Friday, 9 May 2014

Publicis and Omnicom, call it all off.



Publicis and Omnicom call it off. The 50:50 mega-merger of 35 billion us dollars announced 9 months ago, is being eh, 'de-coupled'.

The Agencies, which own a large number of established brands in the market, had difficulties in completing transactions in a timely manner (according to an Omnicom statement) and Omnicom have spent circa 48 million usd in the merger thus far. Reading between the lines, they're putting the blame on Publicis.

It also seems that the announcement was communicated initially via Twitter (or it 'leaked') and Clients were not formally informed per se. Rumours abound of rows about key positions (typical merger nonsense) but one wonders why these sorts of issues weren't dealt with pre-merger? Seemingly the CFO position (who'd oversee the merger) was a big issue.

Clearly, knowing both Agencies well, there was always going to be a French Versus American way of doing things and trust me, both are very, very different. The launch photocall (above) with The Eiffel Tower in the background, was the start of the "I am in control here" piece.

Financially too, with savings of "$500 million" touted as a reason from the outset to do the merger, hardly seemed a good enough reason.

It also puts WPP back to top of the heap without the new entity.
And it damages the reputation of both Publicis and Omnicom in not being able to complete this.

At least those "$500 million" in savings won't happen and so those job losses (the savings) are now safer. Apart from that, pretty pathetic.

Tuesday, 6 May 2014

Twitter shares are taking a bath. Negative sentiment.






Twitter continues to take a bath.

More than 120 million shares were traded on Tuesday with a price fall of -18% down to under 32 us dollars a share - an all time low. It's up on the 26 us dollar November IPO price but well down on the post IPO surge of over 70 us dollars.

It's a slide but accentuated this week by the expiration of 'lockups' in shares with 470 million available to come onto the market for the first time.

The co-founders, CEO and large investors have indicated that they'll continue to hold the stock...but for how long? They hold about 205 million shares - leaving circa 265 million available to possibly trade and 120 million were.

Tuesday's volume in traded shares though, is an all time high and indicates large stock offloads.
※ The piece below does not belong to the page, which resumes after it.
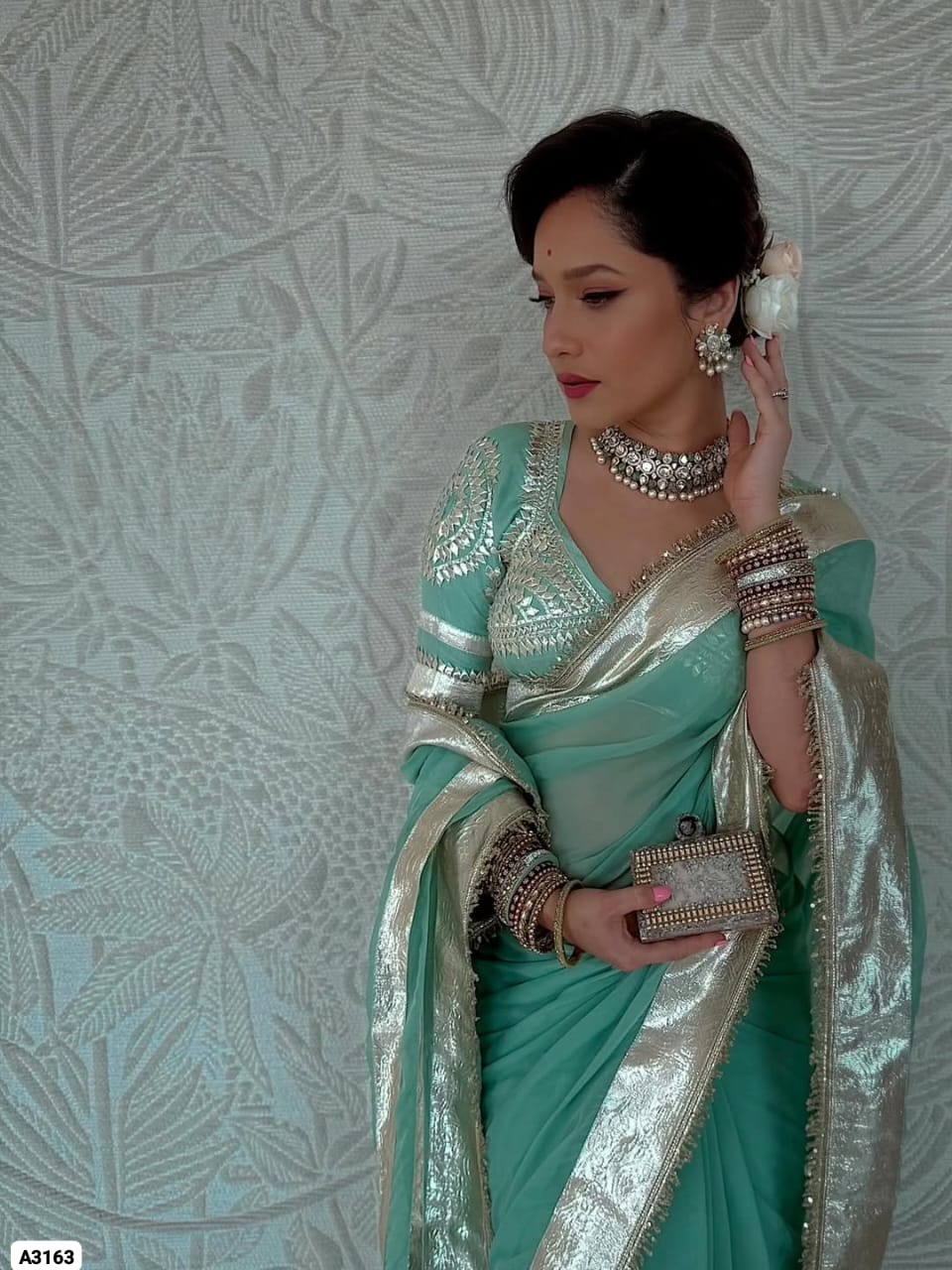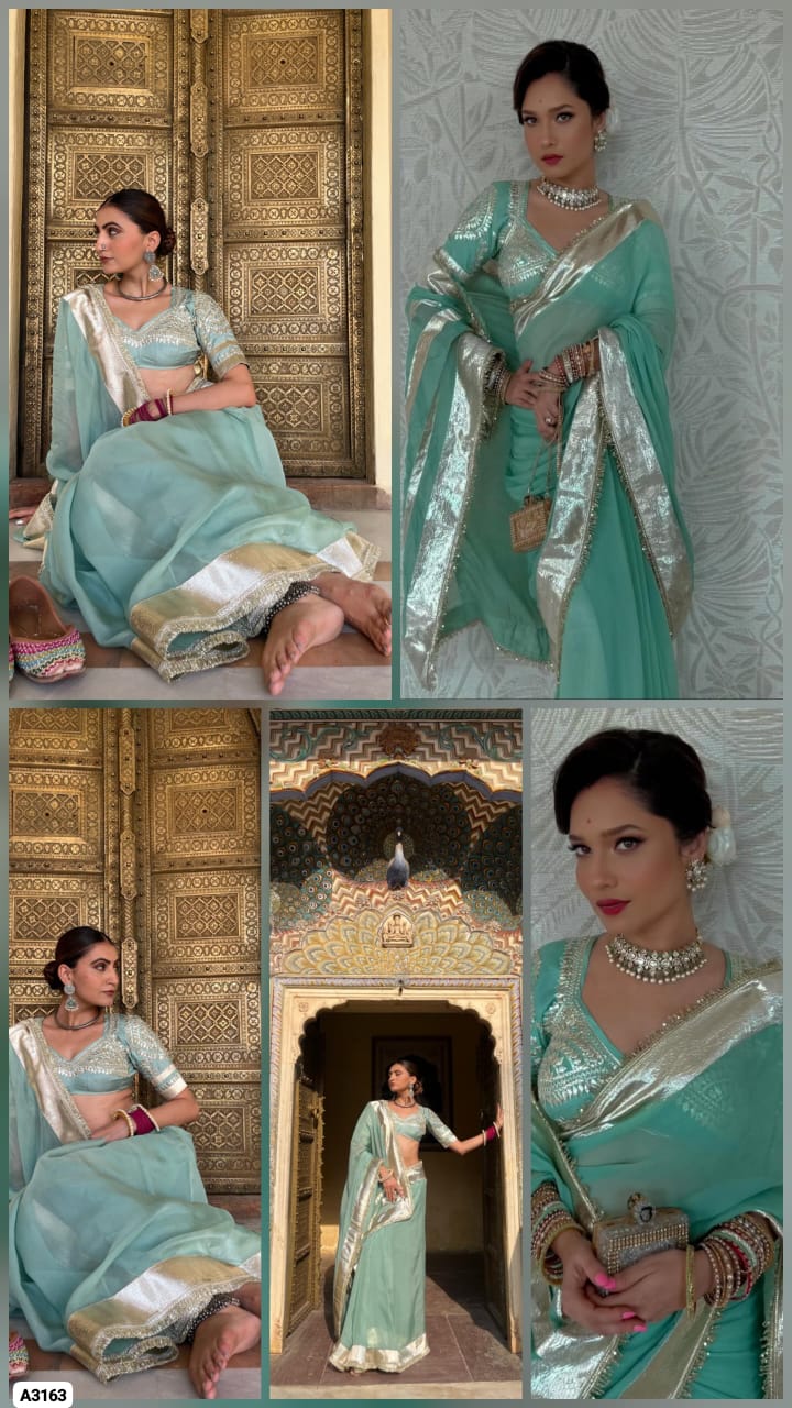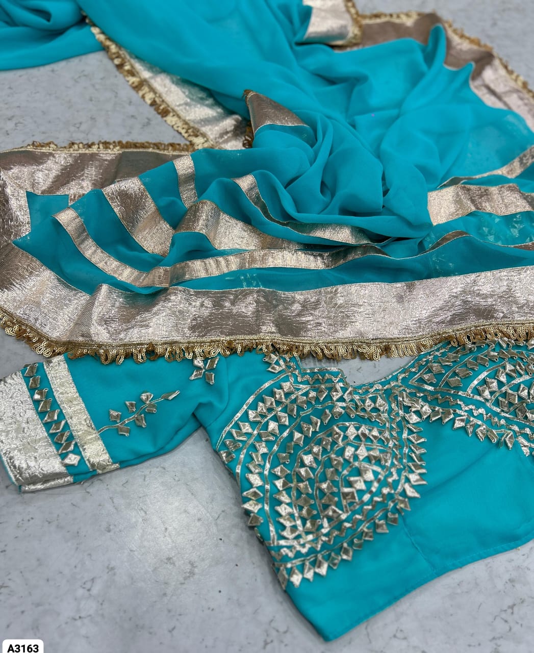 Fabric: Soft C*C Georgette Saree with 3-Inch Self-Design Big Gotta Patta On Full 9 Gaj Saree With Attractive Sequence Lace Border On Full Saree (5.5 Meters)

Less that 20% of Twitter shares had been traded to this point.

Twitter are suffering from a general downturn in tech stocks but in particular, it is driven by concerns that Twitter hasn't found a way to generate substantial revenue - yet. And monthly active users are down. Negative sentiment.

That concern is at the core of this. As well as, legal or not, probable market short selling which will in turn create a downward dynamism in the share price.... possibly.

Add to that, those staff holders of shares who have an opportunity to "get rich" following the release of their shares from the lockup, will be nervous of these drops and possibly, look to sell, rather than wait. Further adding to the decline.

Not a good time for Twitter.

But fundamentally it shows that an IPO has benefits especially for tech companies. However, there's also a darkside. It can ruin you.